> [What the task requires]: Below is a listing; print exactly its lines from the one containing "A stunning variegated" down to the one containing "Doweled mortise and", both inclusive, with every picture left out.
Start of Block
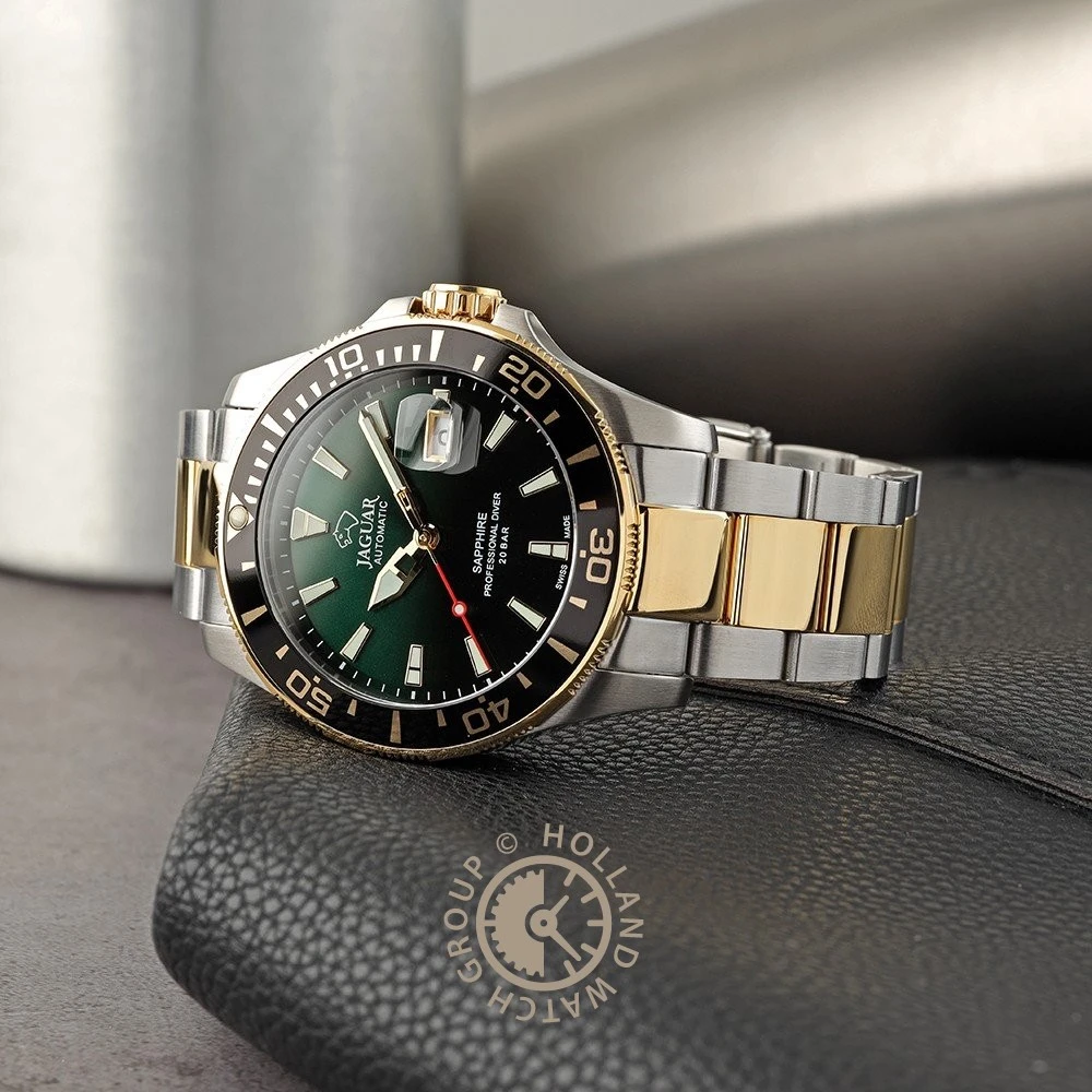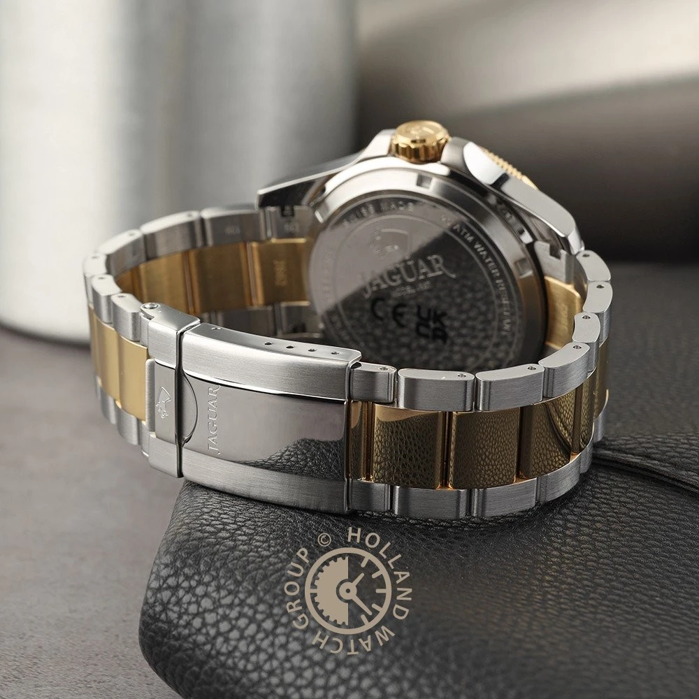 This Jaguar watch has a stainless steel case 43 mm in diameter and is fitted with a metal strap. Inside the case lies a ETA movement and the watch features a Sapphire crystal.
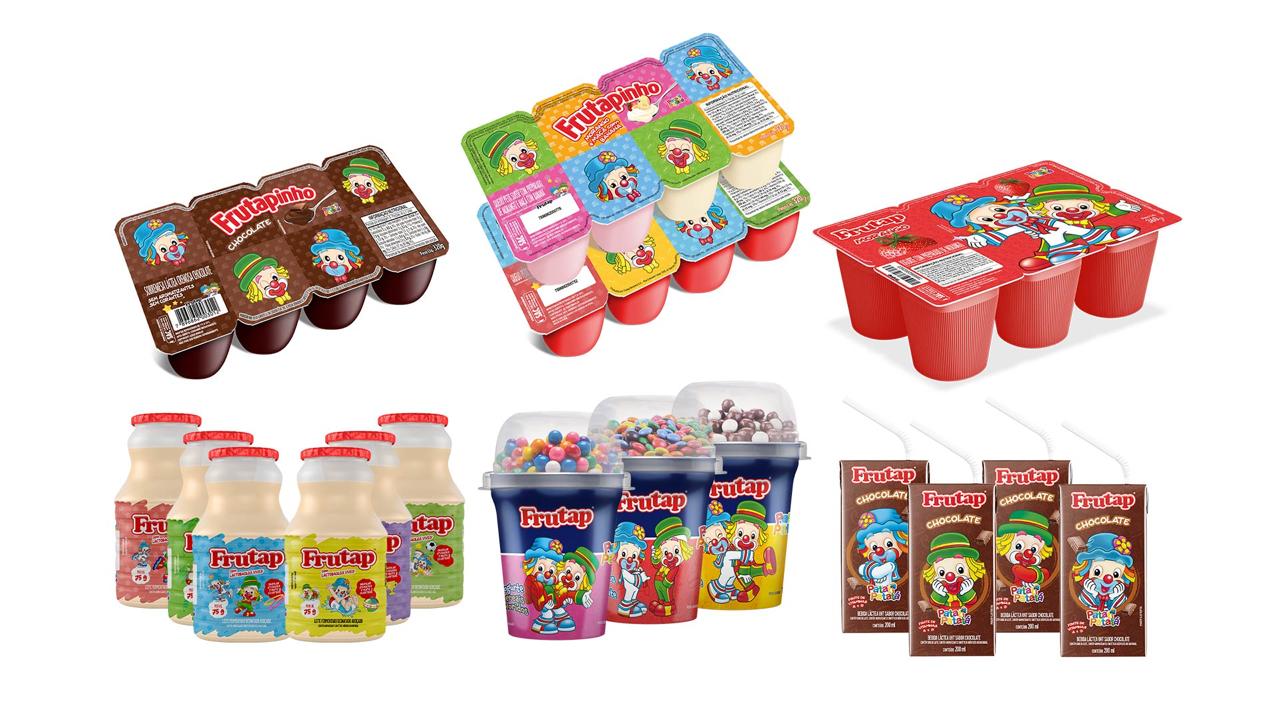 A linha infantil da Frutap é composta por 5 subfamílias e 9 SKUs. A parceria com a dupla Patati Patatá inclui essas categorias e versões: leite fermentado, iogurte polpa, iogurte com confeitos, achocolatado UHT, sobremesa láctea de chocolate, queijo petit suisse com preparado de morango, além da versão com preparado de morango e maçã com banana.
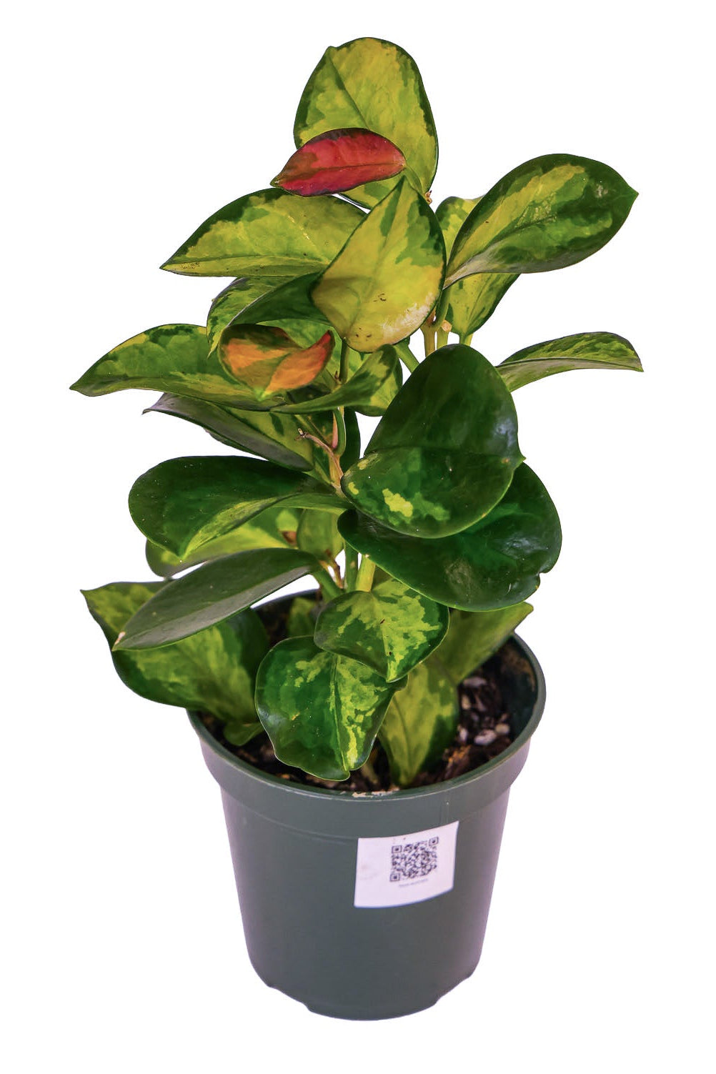 A stunning variegated trailing plant with creamy white, soft green, and blush tones. This 4” Hoya Australis ‘Lisa’ is easy-care and thrives in bright, indirect light, making it perfect for shelves, desks, and romantic interiors.
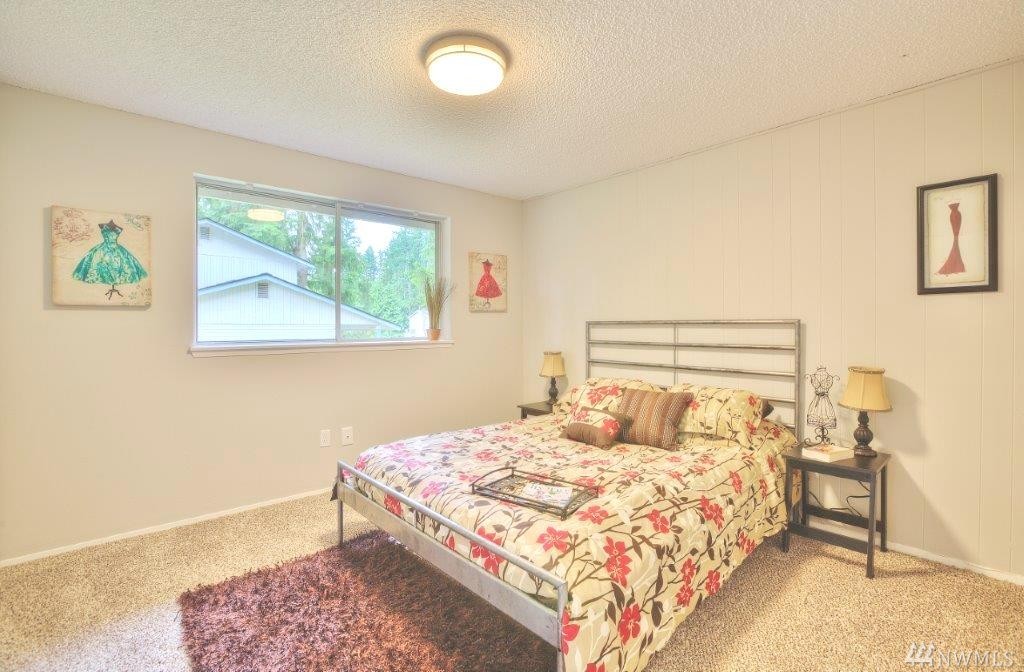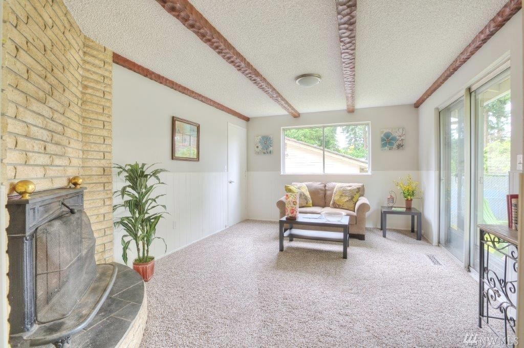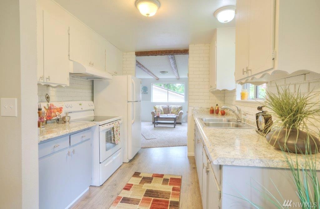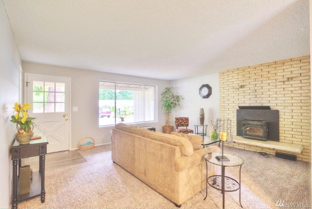 Welcome to Brooklake Manor situated on a huge corner lot & move in ready!! New kitchen counters, carpet, interior paint, stove, lighting & beautiful flooring in the kitchen, dining & bathroom. Spacious living room with FP opens to the dining rm. Features 3 good size bedrooms & full bath W/laundry area. Light & bright walk thru kitchen leads to entertaining family rm, w/FP and slider to cozy deck & backyard. Enjoy the oversized 1.5 car garage & gas heat. Great location to shopping & I-5 access.
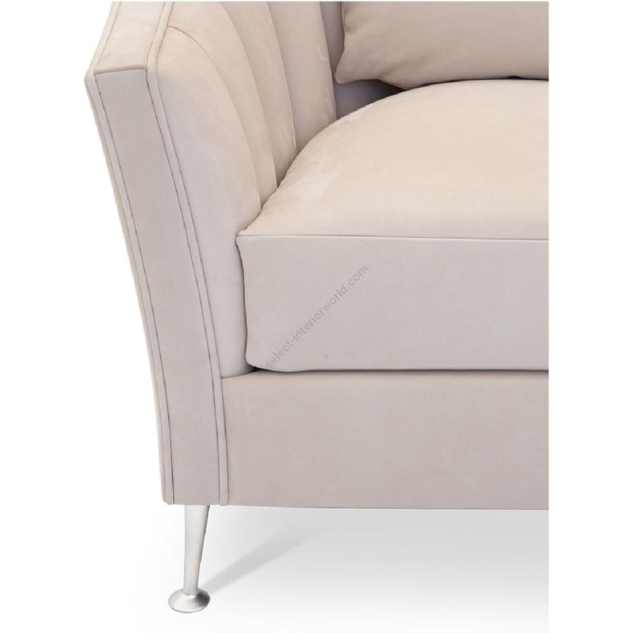 Doweled mortise and tenon frame in solid Mahogany from certified source. Solid brass mid-century legs. Eight-way hand tied spring base, with pocket coil seat cushions encased in high-resilient fill and feathered down jacket. Feathered down throw pillows mixed with PolyFiber for added support. Channeled backrest. Available in a selection of finishes. For residential use only. Commercial use is classified as Special Order Design (SOD), and alternative materials may be required. Contact us for details.
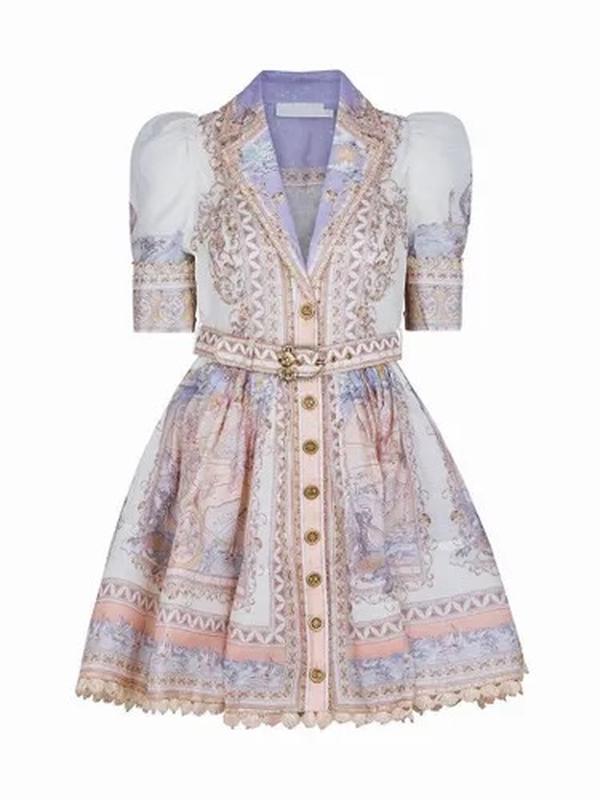 Сукня в стилі Zimmermann 1:1 з морським малюнком і візерунками. Відкладний комір із загостреними лацканами. Пишна спідниця зі складками. Довжина-міні. Короткі рукави-волани з підворотом. Широкий ремінь в тон з пряжкою. Модель з обробкою бісером. Брендові золоті гудзики. Декоративна окантовка по краю подолу і на рукавах. Зріст моделі: 173 см. Параметри: 81/62/91.
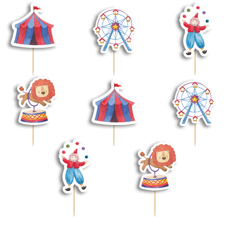Οδοντογλυφίδες για να στολίσετε τα φαγητά και τα γλυκά του πάρτι με θέμα Τσίρκο
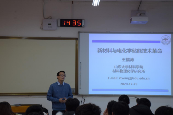 12月25日下午,买球官网邀请山东大学买球官方网站教授、买球官网无机非金属材料系2008级校友王儒涛,在J1-218举行了题为“新材料与电化学储能技术革命”的讲坛。
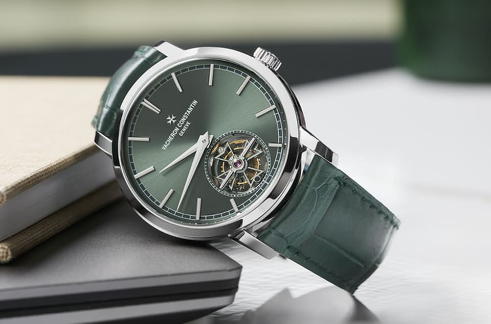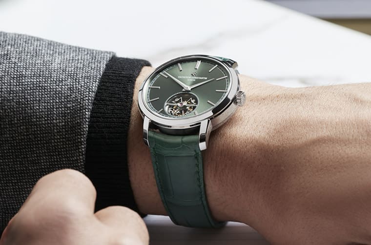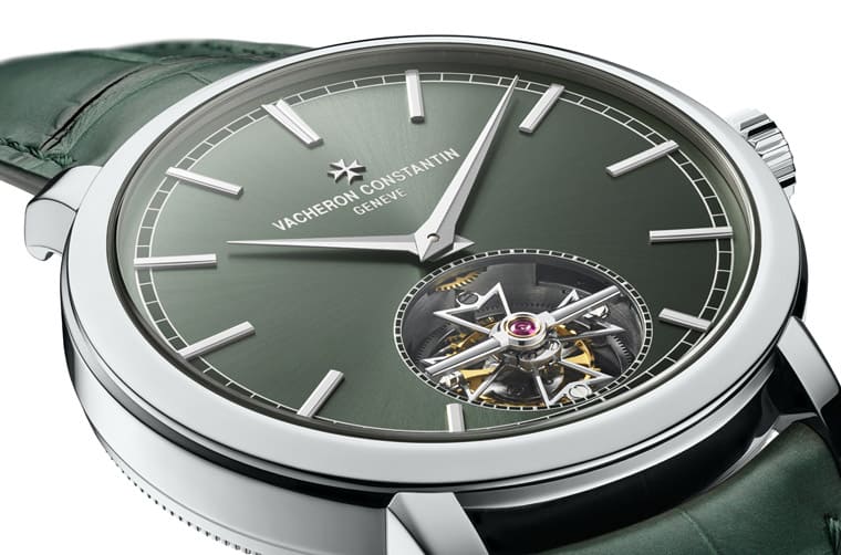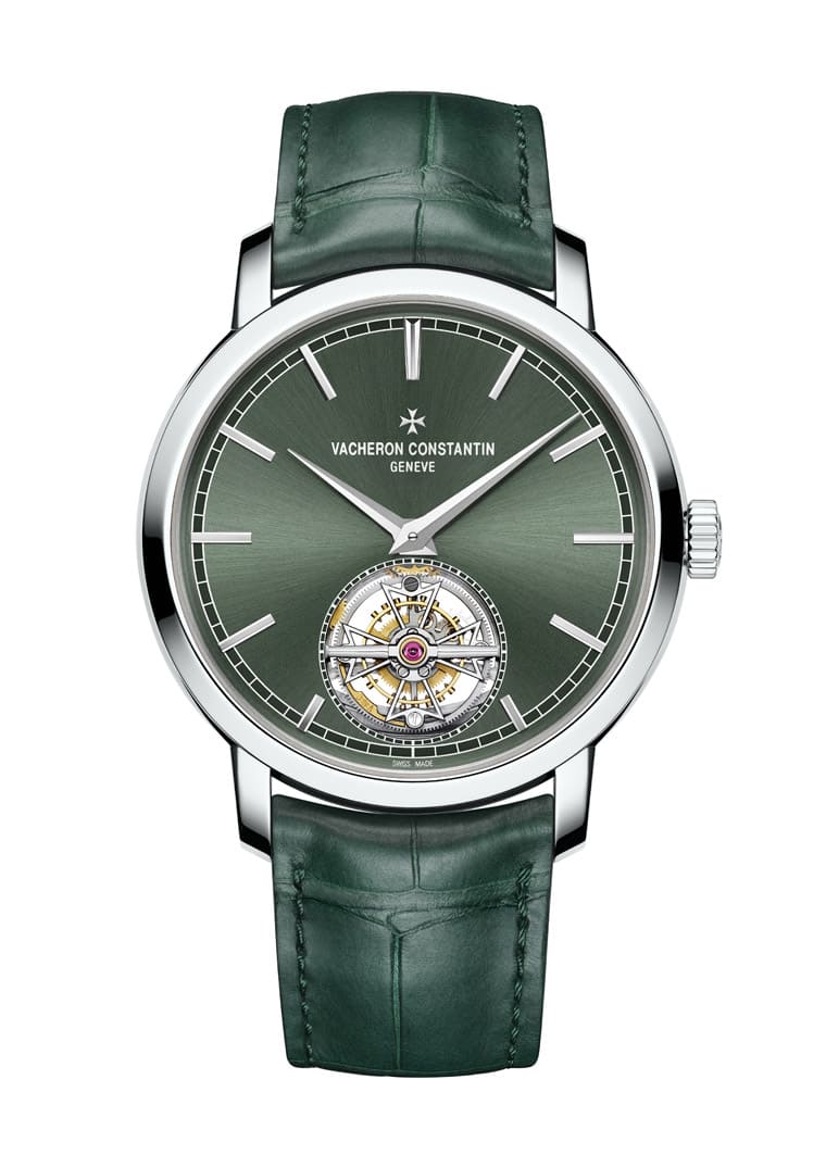江詩丹頓的Traditionnelle自動陀飛輪原本在品牌官網上只剩玫瑰金銀面款這種經典不敗的設計,另外還有兩款限量的龍鳳金雕陀飛輪版本(銀面與黑面),等於一般版和限量版之間的(裝飾工藝和定價)差距有點落差,相對之下一般版的選擇很少,因此品牌又在2023年追加了錶殼採用更高檔鉑金的新作,藉以補上既有款式間的空白。這款Traditionnelle自動陀飛輪不只錶殼材質升等,就連整體的配色也有大膽突破,它成為系列線上款式中唯一的綠色調作品,耳目一新的設計頗為吸睛。
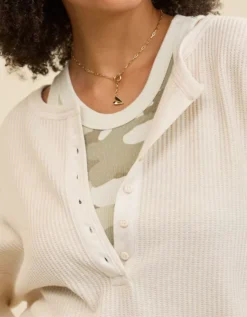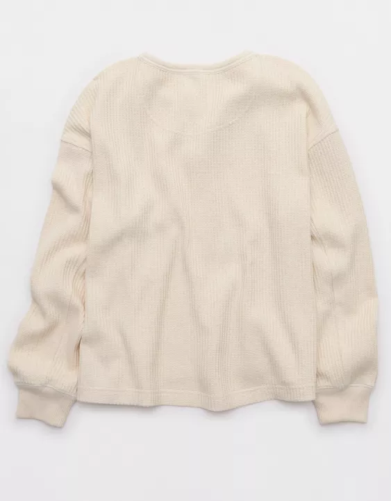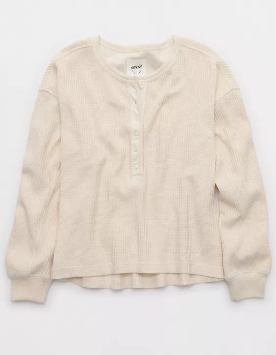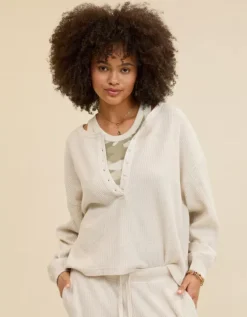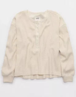 Aerie Waffle Henley Sweatshirt Heather Frost
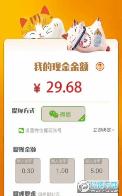 招財小貓咪玩遊戲賺現金,新用戶下載招財小貓咪APP,微信登錄後立即獲得5000喵幣,相當於0.5元,可用於提現,不過首次隻能提現0.3元,親測秒到微信零錢,之後還有0.5元、1.5元、3元等低門檻提現機會。玩合成小遊戲,歡樂搶紅包,合成最高級還有機率獲得分紅喵,躺著領分紅。
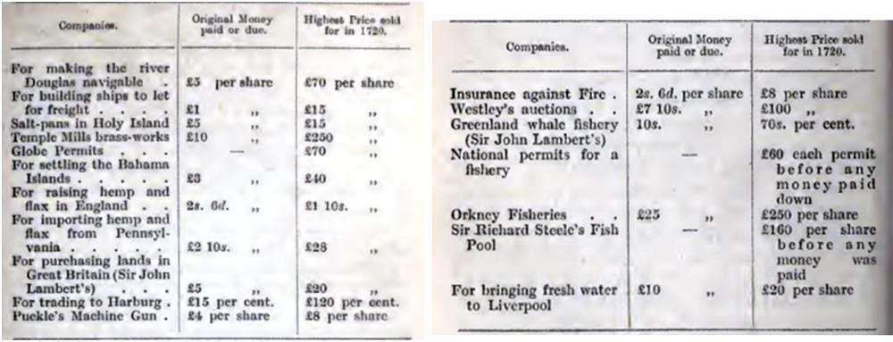 Above: an extract from The South Sea Bubble by Lewis Melville gives an idea of how the stocks moved. You can see that the “Insurance against Fire” stock hit a high of 64 times it’s issue price!
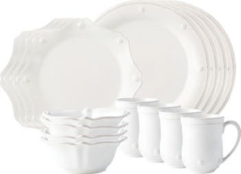 - Includes four dinner plates, four dessert/salad plates, four cereal/ice cream bowls and four mugs
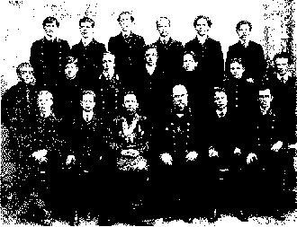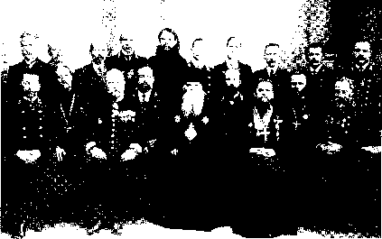 Рисунок 52. Корпорация семинарии в 1915 году. Сидят слеза направо: Н. П. Громов, прот. Суперанский, инспектор В. И. Лебедев, А. К. Бурцев, епископ Никанор, А. С. Рубинов, ректор прот. Н. К. Чуков, прот. П. Д. Метелев, Я. С. Елпидинский. Стоят слева направо: И. П. Бухта, М. П. Афанасьев, П. М. Осиев, Н. С. Стручков, В. Федоров, А. П. Боголепов, С. А. Олесевич, В. И. Фарсинонов, И. И. Поспелов, М. П. Смирнов
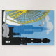 Edifícios famosos e marcos de Chicago aparecem nesta imagem gráfica de quebra-cabeça, tudo em preto, cinza, azul, amarelo e branco. Um quebra-cabeça excelente para pessoas que vivem com a forma mais comum de cegueira a cores.
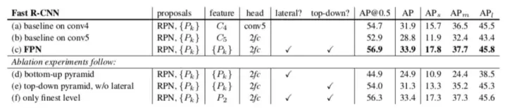 l (a)和(f)对比(31.9 v.s. 33.4):用融合度最高的特征层(P2)来做预测,在Fast RCNN中效果提升非常明显。
End of Block
> [Response area]:
 A stunning variegated trailing plant with creamy white, soft green, and blush tones. This 4” Hoya Australis ‘Lisa’ is easy-care and thrives in bright, indirect light, making it perfect for shelves, desks, and romantic interiors.
 Welcome to Brooklake Manor situated on a huge corner lot & move in ready!! New kitchen counters, carpet, interior paint, stove, lighting & beautiful flooring in the kitchen, dining & bathroom. Spacious living room with FP opens to the dining rm. Features 3 good size bedrooms & full bath W/laundry area. Light & bright walk thru kitchen leads to entertaining family rm, w/FP and slider to cozy deck & backyard. Enjoy the oversized 1.5 car garage & gas heat. Great location to shopping & I-5 access.
 Doweled mortise and tenon frame in solid Mahogany from certified source. Solid brass mid-century legs. Eight-way hand tied spring base, with pocket coil seat cushions encased in high-resilient fill and feathered down jacket. Feathered down throw pillows mixed with PolyFiber for added support. Channeled backrest. Available in a selection of finishes. For residential use only. Commercial use is classified as Special Order Design (SOD), and alternative materials may be required. Contact us for details.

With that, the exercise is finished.